§ **What this task involves**
The listing below must be returned in full and unchanged, without the images it carries.

§ **Data**
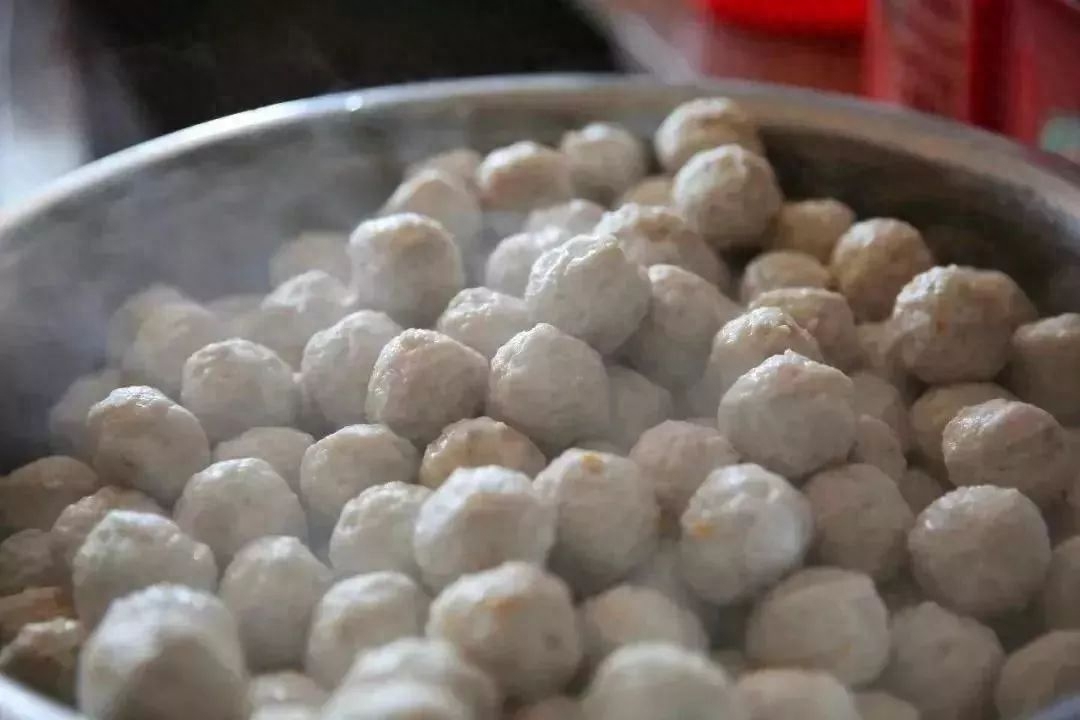 把鲮鱼剃骨取肉之后,要用两根铁棒反复敲打6个小时以上,让鱼肉中的胶质出来,然后再攒成鱼丸,这样做起来的鱼丸胶质多、韧性足,扔在地上可以像乒乓球那样一弹数尺高,吃起来相当有嚼劲!
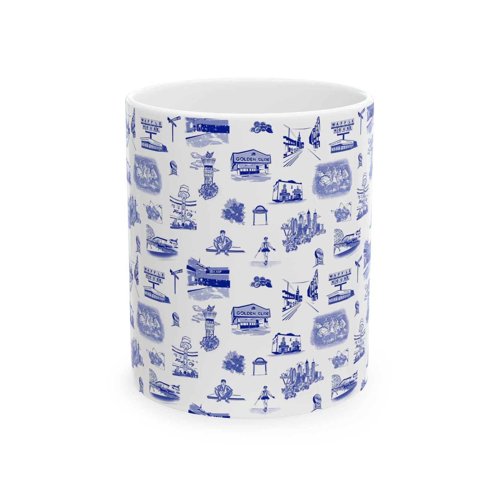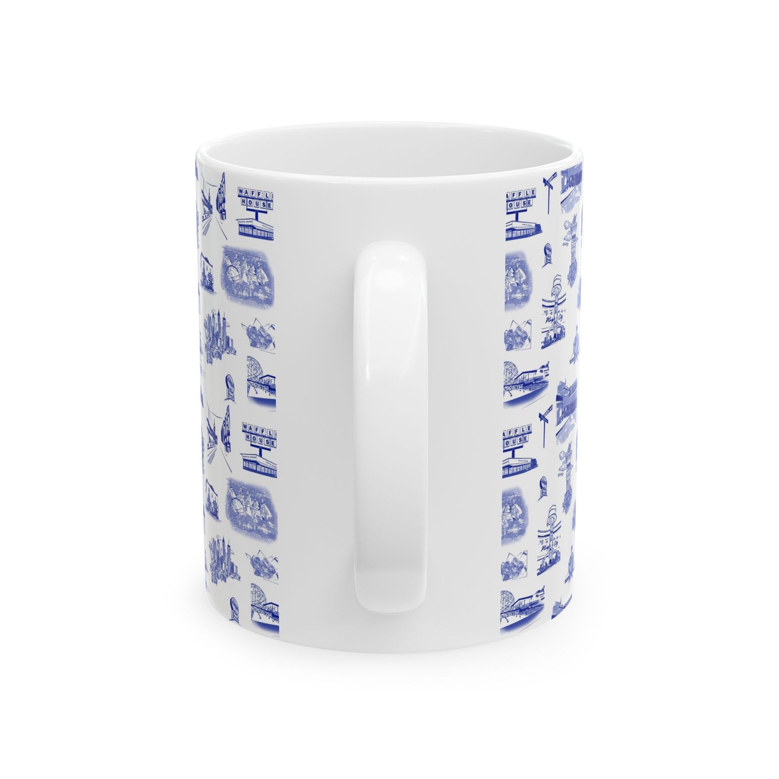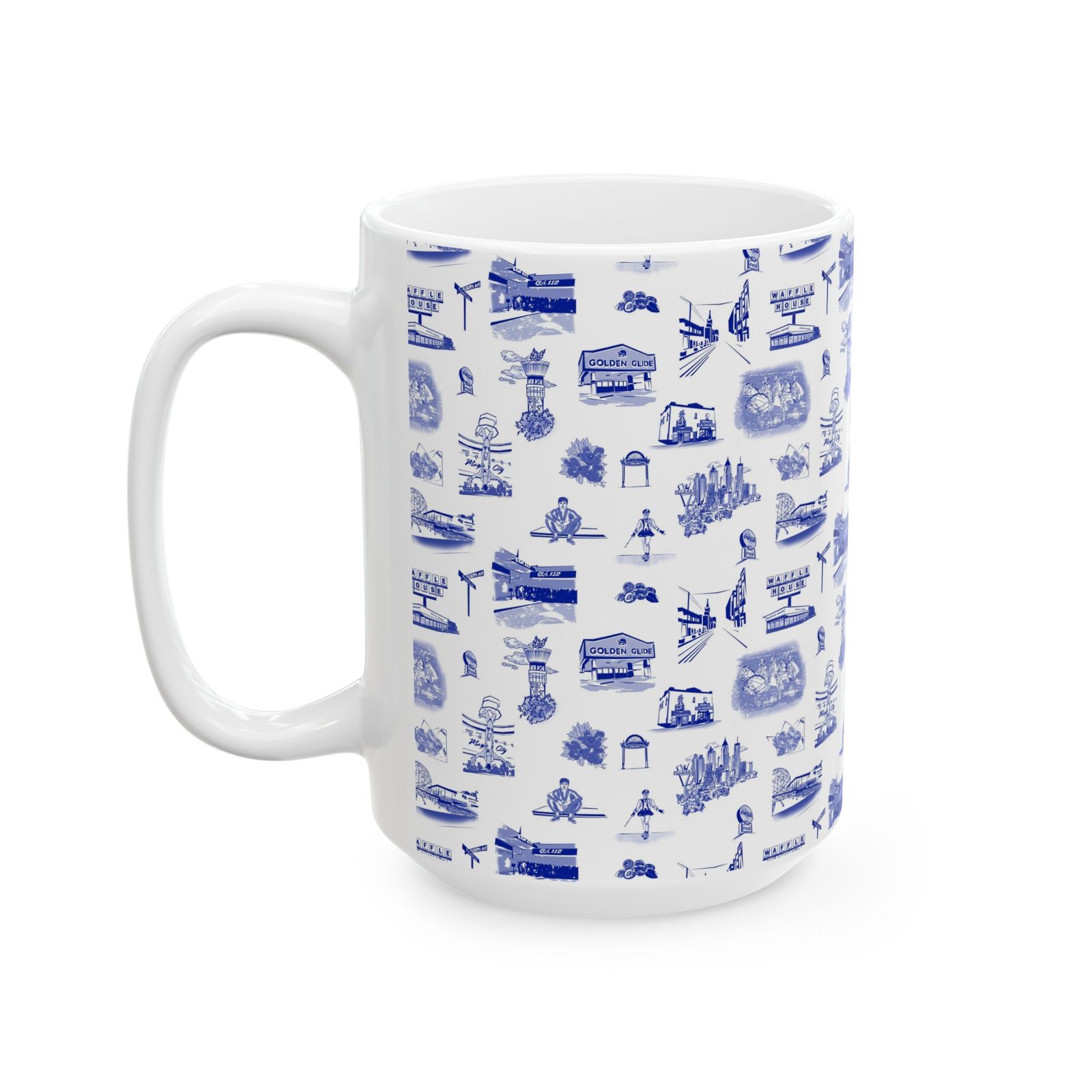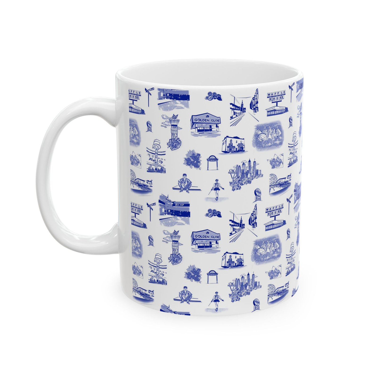 This glossy ceramic mug brings a quiet, nostalgic charm to every sip. Delicate blue toile-style illustrations wrap the exterior, each tiny scene drawing you into a coastal town of cafés, lighthouses, and boardwalk moments. It feels like a calm morning by the harbor — warm hands around the cup, steam rising, and a slow start to the day. The comfortable C-handle and bright, durable print make it an effortless companion for routine rituals or thoughtful pauses. Use it at a cluttered artist’s desk, beside a reading lamp, or as part of a laid-back brunch spread to add subtle character without shouting for attention.
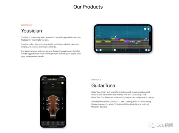 Yousician是一个学习和播放音乐的互动平台。有两款软件产品,音乐教育应用程序Yousician和吉他调音应用程序GuitarTuna。两款软件月活人数达2200万。
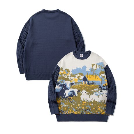のどかな牧場の風景を丁寧に編み込んだ、インパクト抜群の総柄ニット。
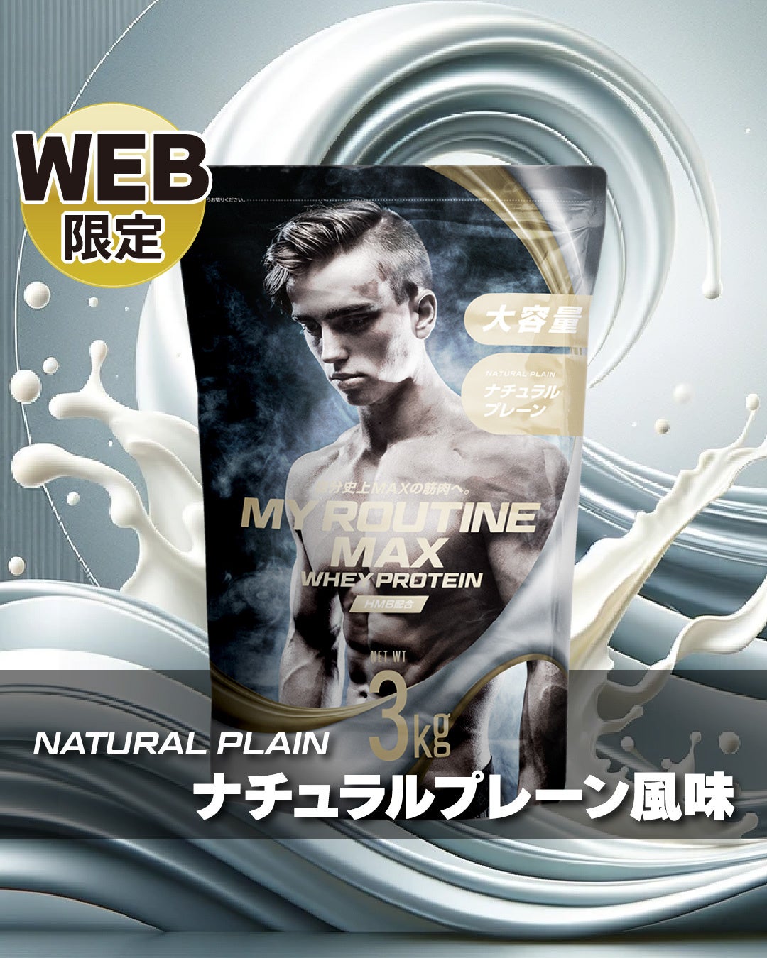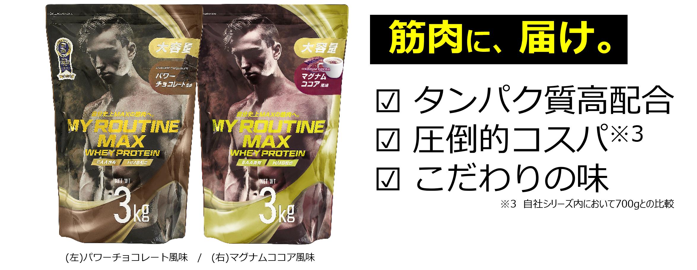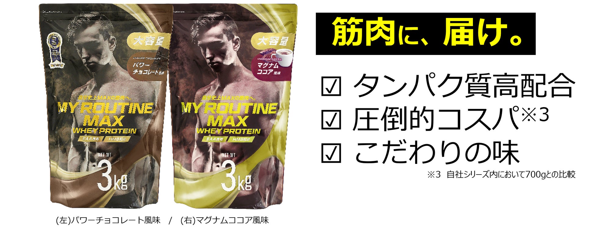 トレーニングする方やダイエッターのカラダ作りのサポートに効果的なホエイプロテイン。マイルーティーンMAX 3kgは、公式自社サイトの販売価格6,480円(税込)で、1食あたり76円※3を実現し、コストパフォーマンスの高い商品となっています。日常的に多くのプロテインを摂取するアスリートやスポーツをおこなっている方には、大容量タイプがおすすめです。
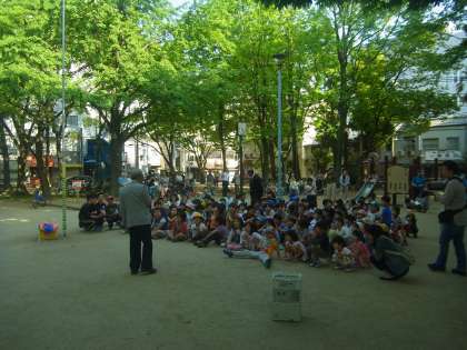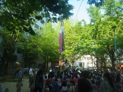 今日(5月1日)、ひまわり公園で、地域の行事「こいのぼりをあげよう会」が行われました。今日はいい天気でしたので、子どもたちがあげたこいのぼりが、青空に映えてとてもきれいでした。たくさんの子どもたちが、集まっていました。

§ **Answer box**
 把鲮鱼剃骨取肉之后,要用两根铁棒反复敲打6个小时以上,让鱼肉中的胶质出来,然后再攒成鱼丸,这样做起来的鱼丸胶质多、韧性足,扔在地上可以像乒乓球那样一弹数尺高,吃起来相当有嚼劲!
 This glossy ceramic mug brings a quiet, nostalgic charm to every sip. Delicate blue toile-style illustrations wrap the exterior, each tiny scene drawing you into a coastal town of cafés, lighthouses, and boardwalk moments. It feels like a calm morning by the harbor — warm hands around the cup, steam rising, and a slow start to the day. The comfortable C-handle and bright, durable print make it an effortless companion for routine rituals or thoughtful pauses. Use it at a cluttered artist’s desk, beside a reading lamp, or as part of a laid-back brunch spread to add subtle character without shouting for attention.
 Yousician是一个学习和播放音乐的互动平台。有两款软件产品,音乐教育应用程序Yousician和吉他调音应用程序GuitarTuna。两款软件月活人数达2200万。
のどかな牧場の風景を丁寧に編み込んだ、インパクト抜群の総柄ニット。
 トレーニングする方やダイエッターのカラダ作りのサポートに効果的なホエイプロテイン。マイルーティーンMAX 3kgは、公式自社サイトの販売価格6,480円(税込)で、1食あたり76円※3を実現し、コストパフォーマンスの高い商品となっています。日常的に多くのプロテインを摂取するアスリートやスポーツをおこなっている方には、大容量タイプがおすすめです。
 今日(5月1日)、ひまわり公園で、地域の行事「こいのぼりをあげよう会」が行われました。今日はいい天気でしたので、子どもたちがあげたこいのぼりが、青空に映えてとてもきれいでした。たくさんの子どもたちが、集まっていました。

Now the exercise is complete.